### TASK TO CARRY OUT
In the records that follow, find the line containing "The nearby lighthouse, built" and the line containing "澎湃新闻查询《微信公众平台运", then transcribe both and every line between them exactly, omitting pictures.

======== DATA FOR THE TASK ========

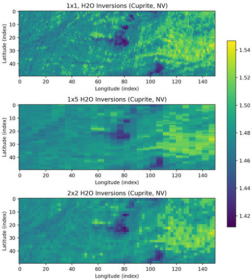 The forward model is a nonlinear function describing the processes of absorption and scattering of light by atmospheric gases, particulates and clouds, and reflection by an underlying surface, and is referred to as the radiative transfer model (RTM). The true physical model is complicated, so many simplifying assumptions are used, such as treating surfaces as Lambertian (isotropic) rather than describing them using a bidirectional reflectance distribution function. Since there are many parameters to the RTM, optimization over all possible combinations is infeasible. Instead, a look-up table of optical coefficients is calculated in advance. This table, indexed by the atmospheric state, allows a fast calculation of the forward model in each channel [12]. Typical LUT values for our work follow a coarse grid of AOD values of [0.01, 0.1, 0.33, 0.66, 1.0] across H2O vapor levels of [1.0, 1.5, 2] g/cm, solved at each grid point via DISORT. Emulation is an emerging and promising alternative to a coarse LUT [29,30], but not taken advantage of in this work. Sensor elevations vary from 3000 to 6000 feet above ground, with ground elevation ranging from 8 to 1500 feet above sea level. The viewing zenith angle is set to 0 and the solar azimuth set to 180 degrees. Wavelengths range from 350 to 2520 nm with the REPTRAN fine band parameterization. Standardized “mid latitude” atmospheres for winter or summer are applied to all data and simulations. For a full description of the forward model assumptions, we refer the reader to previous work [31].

========
======== DATA FOR THE TASK ========

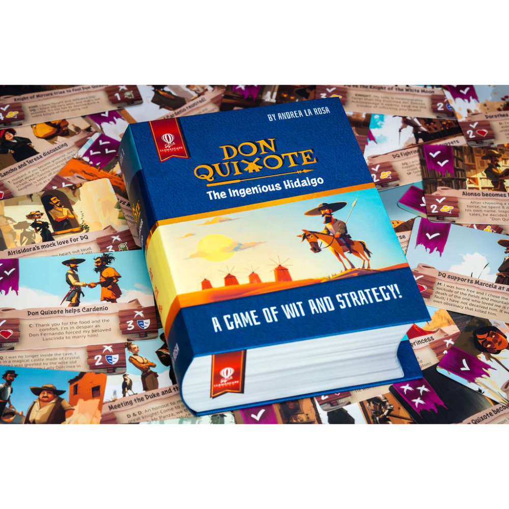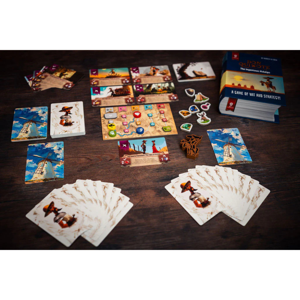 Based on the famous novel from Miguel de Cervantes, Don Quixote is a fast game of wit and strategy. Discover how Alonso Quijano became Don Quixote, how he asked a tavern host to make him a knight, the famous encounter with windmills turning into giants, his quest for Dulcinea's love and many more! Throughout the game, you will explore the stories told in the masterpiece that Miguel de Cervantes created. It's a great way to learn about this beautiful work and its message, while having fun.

========
======== DATA FOR THE TASK ========

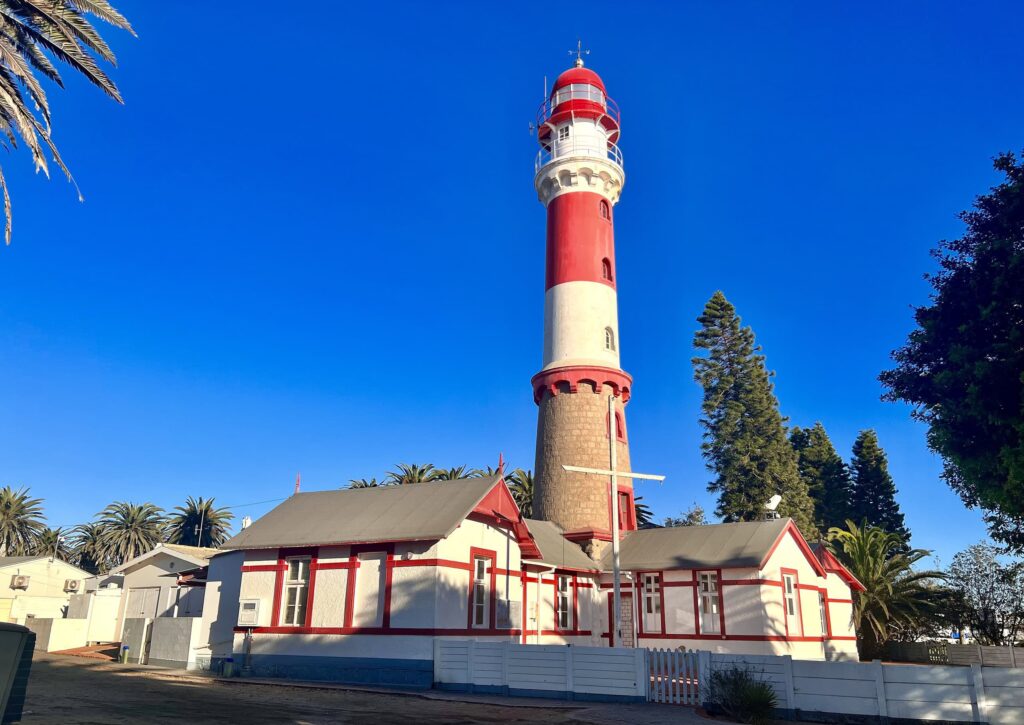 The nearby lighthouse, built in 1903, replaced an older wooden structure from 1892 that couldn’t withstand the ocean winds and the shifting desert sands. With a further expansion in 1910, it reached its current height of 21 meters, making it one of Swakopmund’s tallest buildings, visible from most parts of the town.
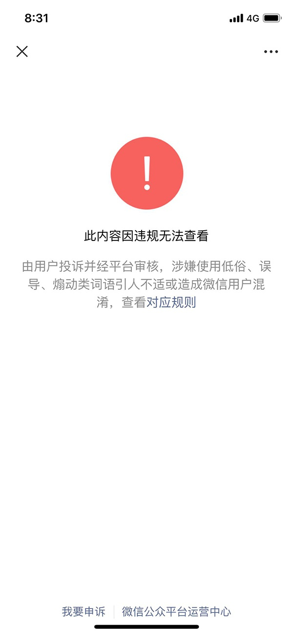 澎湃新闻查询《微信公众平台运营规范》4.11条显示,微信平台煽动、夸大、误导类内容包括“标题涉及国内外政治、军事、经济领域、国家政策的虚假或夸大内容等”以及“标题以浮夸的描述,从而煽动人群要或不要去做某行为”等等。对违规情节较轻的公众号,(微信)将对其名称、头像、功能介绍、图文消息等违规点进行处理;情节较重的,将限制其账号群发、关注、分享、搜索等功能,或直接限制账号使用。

========

### EXPECTED ANSWER
 The nearby lighthouse, built in 1903, replaced an older wooden structure from 1892 that couldn’t withstand the ocean winds and the shifting desert sands. With a further expansion in 1910, it reached its current height of 21 meters, making it one of Swakopmund’s tallest buildings, visible from most parts of the town.
 澎湃新闻查询《微信公众平台运营规范》4.11条显示,微信平台煽动、夸大、误导类内容包括“标题涉及国内外政治、军事、经济领域、国家政策的虚假或夸大内容等”以及“标题以浮夸的描述,从而煽动人群要或不要去做某行为”等等。对违规情节较轻的公众号,(微信)将对其名称、头像、功能介绍、图文消息等违规点进行处理;情节较重的,将限制其账号群发、关注、分享、搜索等功能,或直接限制账号使用。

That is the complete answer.